Além disso, criar um ambiente acolhedor e seguro é imprescindível. As crianças precisam sentir que suas opiniões e sentimentos são válidos e respeitados. Essa confiança facilita a comunicação e o compartilhamento de experiências, promovendo um clima de apoio e empatia que favorece a aprendizagem mútua. É sempre recomendável lembrar que o papel do educador transcende a simples transmissão de conhecimento, envolvendo também a escuta, a orientação e o incentivo ao respeito pelas diferenças.
Por último, propor continuidade às atividades em casa pode ser uma ótima estratégia. Sugestões como convidar as crianças a explorar suas redes de parentes e amigos sobre suas vidas no campo e na cidade podem enriquecer a experiência. Por exemplo, pode-se sugerir que compartilhem com a turma histórias sobre o que encontraram em visitas a lugares rurais ou urbanos, incentivando a comunicação e a troca de saberes entre as famílias e a escola de forma muito positiva.
5 Sugestões lúdicas sobre este tema:
1. A Caça ao Tesouro das Diferenças
Objetivo: Aumentar a percepção sobre o que existe em cada ambiente.
Material: Recortes de revistas sobre objetos do campo e da cidade, cestos para coletar os itens correspondentes.
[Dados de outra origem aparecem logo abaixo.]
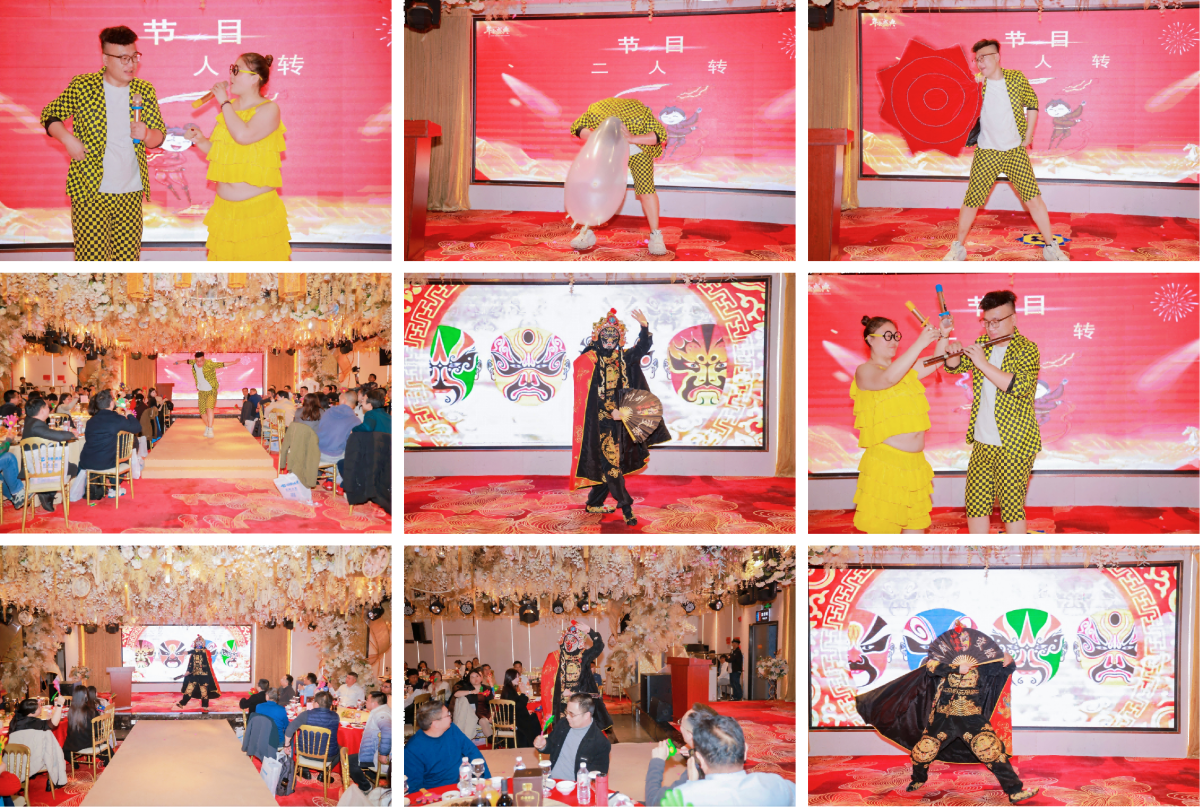 年会现场,极具中国特色的川剧变脸表演精彩绝伦,表演者一秒切换面容,变幻莫测,赢得阵阵掌声;诙谐幽默的二人转表演接地气、节奏欢快,让现场笑声不断。
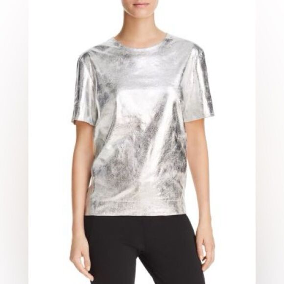 Elevate your wardrobe with this Donna Karan silver t-shirt, featuring a striking graphic design and a boxy silhouette. The short sleeves and metallic finish add a modern touch, making it a standout piece for any casual ensemble. Its reflective surface and loose fit offer both comfort and style.
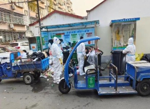 11月9日,果園新里北區(qū)閉環(huán)內職工對管轄區(qū)的垃圾桶站進行集中清運,發(fā)現甲區(qū)一號桶站無人清理,此桶站雖然不在心連心物業(yè)管轄范圍,但為了封控區(qū)內環(huán)境安全,心連心物業(yè)職工主動承擔起封控區(qū)內所有垃圾桶站的清理和運輸工作。
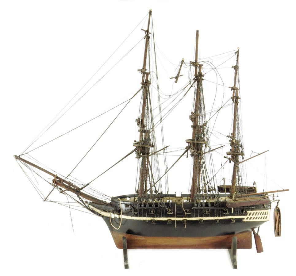 A painted wood model of a three masted man of war, with twenty-six brass cannon and a planked deck with a carved figurehead, 85cm high, 97cm wide.
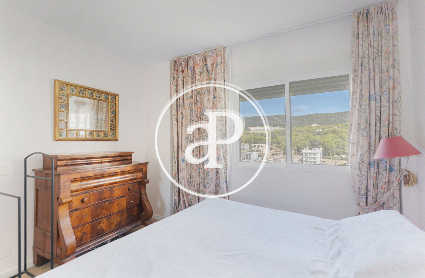 Des del saló-menjador, i gràcies als seus grans finestrals, es pot gaudir de les meravelloses vistes a la badia de Palma, contemplant el Palau de Marivent, el port de Cala Nova i la platja de Cala Major.
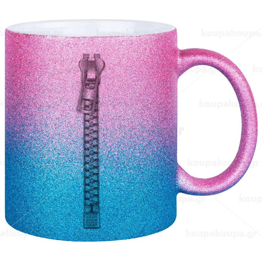 Zipper, Κούπα Χρυσή/Μπλε Glitter, κεραμική, 330ml

Execução: Criar dois cestos e pedir que as crianças coletem os itens (imagens) que vão representando o campo ou a cidade e, ao fim, montar um mural com as diferenças.
2. Música e Movimento
Objetivo: Fomentar a expressão corporal e o ritmo.
Material: Sons da natureza e sons da cidade.
Execução: Criar um mini “ballet” onde as crianças devem movimentar-se como animais do campo ao ouvir os sons rurais e mudar para movimentos urbanos ao ouvirem os sons da cidade, criando um espaço divertido.
3. Criação da Feira de Sabores
Objetivo: Aprender sobre as características dos alimentos de cada meio.
Material: Frutas e vegetais do campo e da cidade, bandejas.
Execução: Organizar uma mini feira onde as crianças aprendem sobre diferentes tipos de comidas típicas, discutindo e degustando as diferenças entre ali.
4. Histórias do Campo e da Cidade
Objetivo: Estimular a criatividade narrativa.
Material: Papéis em branco e lápis.
Execução: Peça para que cada criança invente uma breve história envolvendo um personagem que vive no campo e outro que vive na cidade e que se encontram e fazem uma amizade.
5. Diário de Viagem
Objetivo: Incentivar a observação e a reflexão.
Material: Cadernos e lápis.
Execução: Criar um “diário de viagem” que as crianças poderão usar para registrar experiências, sentimentos e aprendizados sobre suas visitas a ambientes urbanos e rurais, reutilizando as histórias da sala de aula como base.
Essas sugestões lúdicas e práticas podem sanar a curiosidade natural das crianças em relação ao tema e permitir que elas explorem esses ambientes com um olhar mais crítico e afetuoso.